* _Work request_
I'd like the entries reproduced exactly, with the images omitted.

─── Records for the task ───

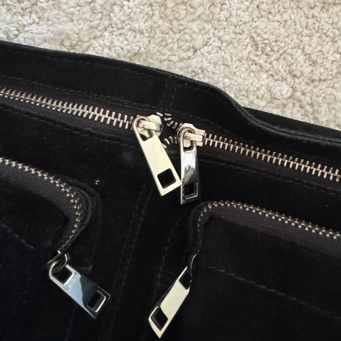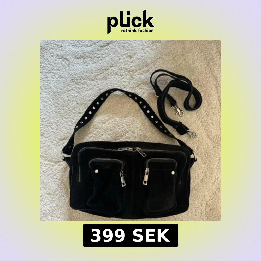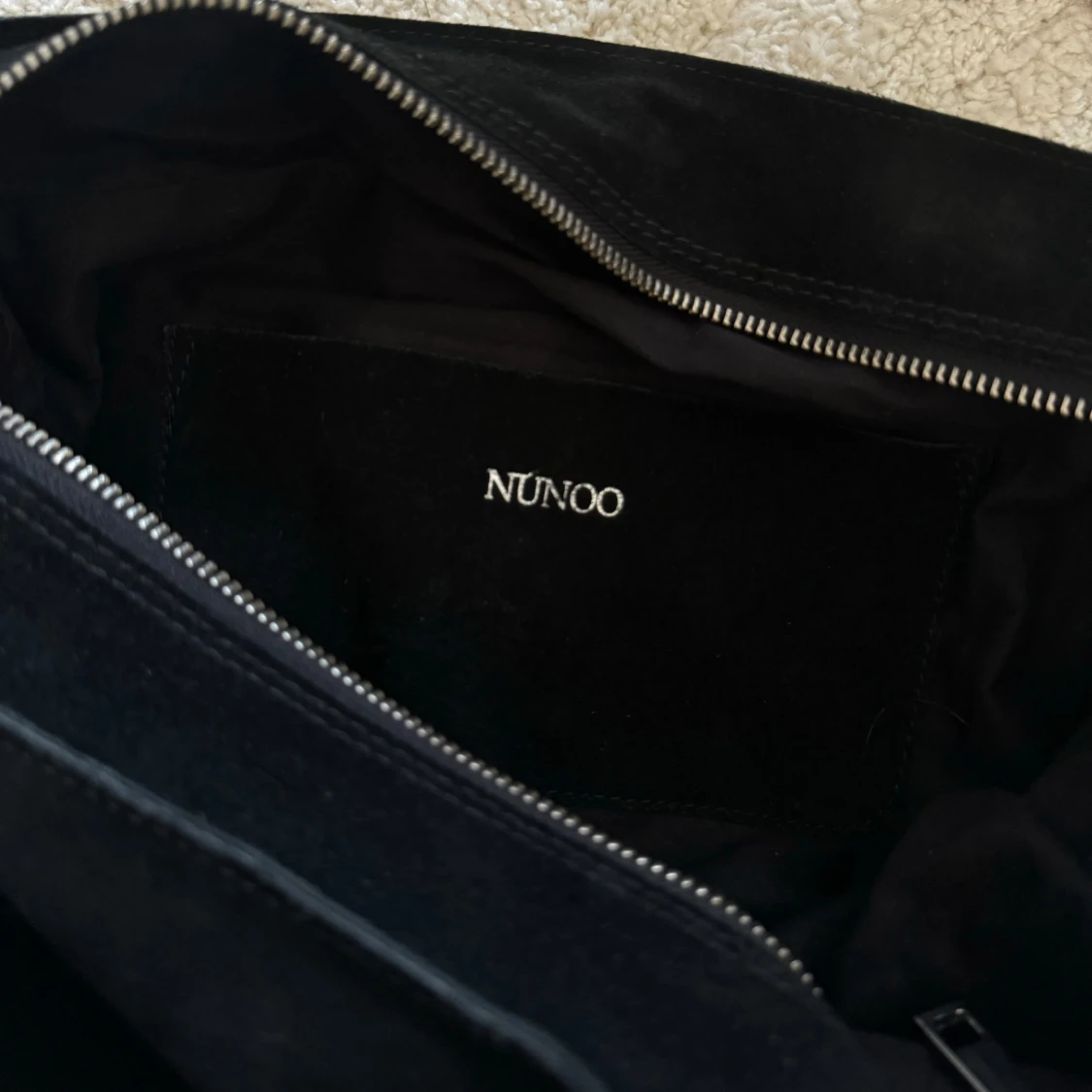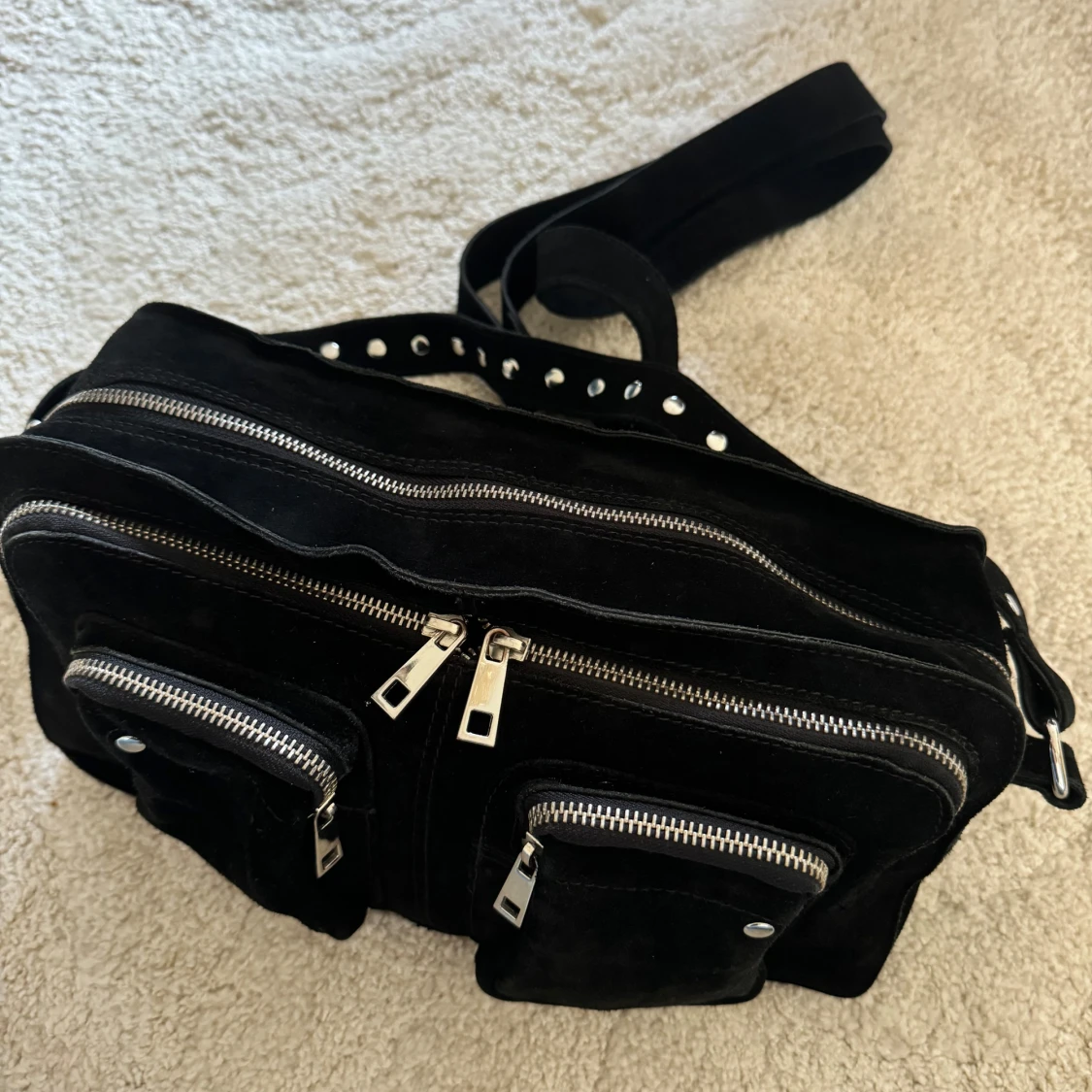 Cool svart axelväska i mocka från Núnoo med flera fickor och silvriga dragkedjor. Väskan har både bred axelrem med nitar och en extra rem, perfekt för att bära crossbody. Snygg och praktisk med detaljer som ger en edgy vibe.Väska från Nunoo modell Ellie, större varianten. Knappt använd, mycket bra skick. Enda skavanken jag kan se är pyttelite missfärgat på 2 av dragkedjorna, var god se sista bilden. Kan användas på axeln eller som crossbody.
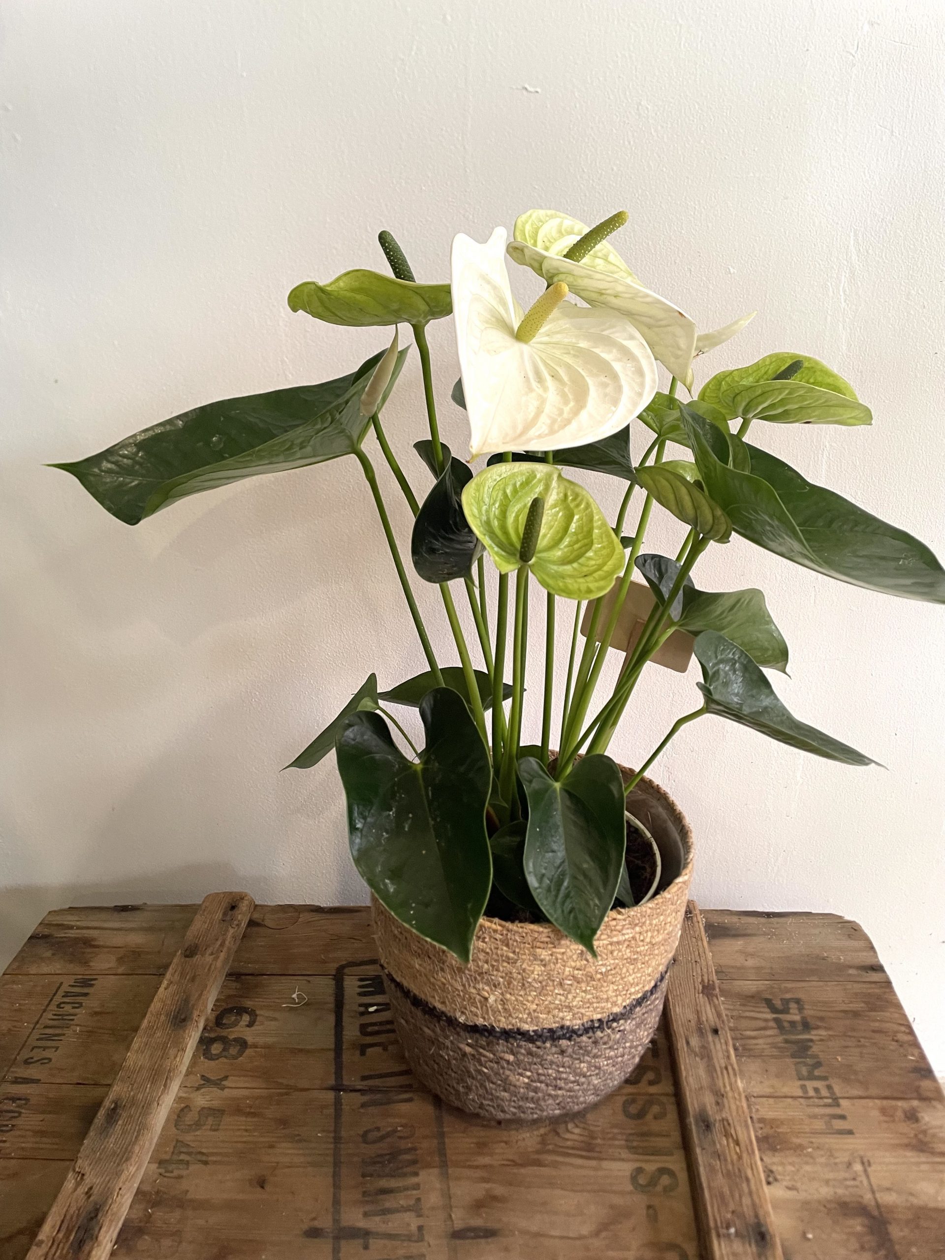 Avec ses grandes fleurs blanches brillantes en forme de coeur et son feuillage vert intense, l’anthurium blanc est une plante décorative intemporelle. Symbole de pureté et d’élégance, il s’intègre aussi bien dans un intérieur moderne que plus classique.
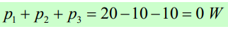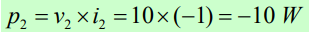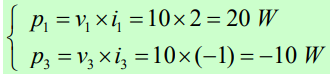O leitor pode perceber que a fonte presente no elemento 1 fornece potência (ela é positiva, de valor 20 W), enquanto a fonte presente no elemento 3 consome potência (a potência fornecida é negativa, de valor -10 W). O elemento 2, resistor puro, obviamente consome potência, ou seja, fornece potência negativa. Esta afirmativa pode ser comprovada calculando a sua potência fornecida, ou seja:
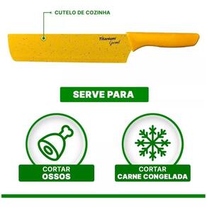 DESCRIÇÃO: Jogo de Facas Premium 6 peças1 - Faca de chef 20,3 cm1 - Faca para Pão 20,3 cm1 - Cutelo de Cozinha 20,3 cm1 - Faca para Legumes 15,3 cm1 - Descascador1 - Tesoura Multiuso Facas: Com Cabo em Plástico de alta qualidade, com lâmina em Aço Inoxidável na cor Amarelo Marca: Titanium do Brasil.
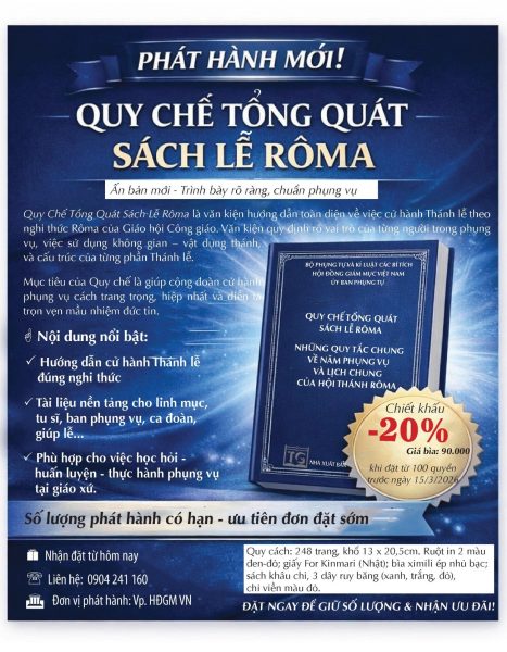 Văn phòng Hội đồng Giám mục Việt Nam thông báo về việc phát hành Quy chế tổng quát Sách lễ Rôma vào ngày 19/3/2026.

───

* _Exercise solution_
 Cool svart axelväska i mocka från Núnoo med flera fickor och silvriga dragkedjor. Väskan har både bred axelrem med nitar och en extra rem, perfekt för att bära crossbody. Snygg och praktisk med detaljer som ger en edgy vibe.Väska från Nunoo modell Ellie, större varianten. Knappt använd, mycket bra skick. Enda skavanken jag kan se är pyttelite missfärgat på 2 av dragkedjorna, var god se sista bilden. Kan användas på axeln eller som crossbody.
 Avec ses grandes fleurs blanches brillantes en forme de coeur et son feuillage vert intense, l’anthurium blanc est une plante décorative intemporelle. Symbole de pureté et d’élégance, il s’intègre aussi bien dans un intérieur moderne que plus classique.
O leitor pode perceber que a fonte presente no elemento 1 fornece potência (ela é positiva, de valor 20 W), enquanto a fonte presente no elemento 3 consome potência (a potência fornecida é negativa, de valor -10 W). O elemento 2, resistor puro, obviamente consome potência, ou seja, fornece potência negativa. Esta afirmativa pode ser comprovada calculando a sua potência fornecida, ou seja:
 DESCRIÇÃO: Jogo de Facas Premium 6 peças1 - Faca de chef 20,3 cm1 - Faca para Pão 20,3 cm1 - Cutelo de Cozinha 20,3 cm1 - Faca para Legumes 15,3 cm1 - Descascador1 - Tesoura Multiuso Facas: Com Cabo em Plástico de alta qualidade, com lâmina em Aço Inoxidável na cor Amarelo Marca: Titanium do Brasil.
 Văn phòng Hội đồng Giám mục Việt Nam thông báo về việc phát hành Quy chế tổng quát Sách lễ Rôma vào ngày 19/3/2026.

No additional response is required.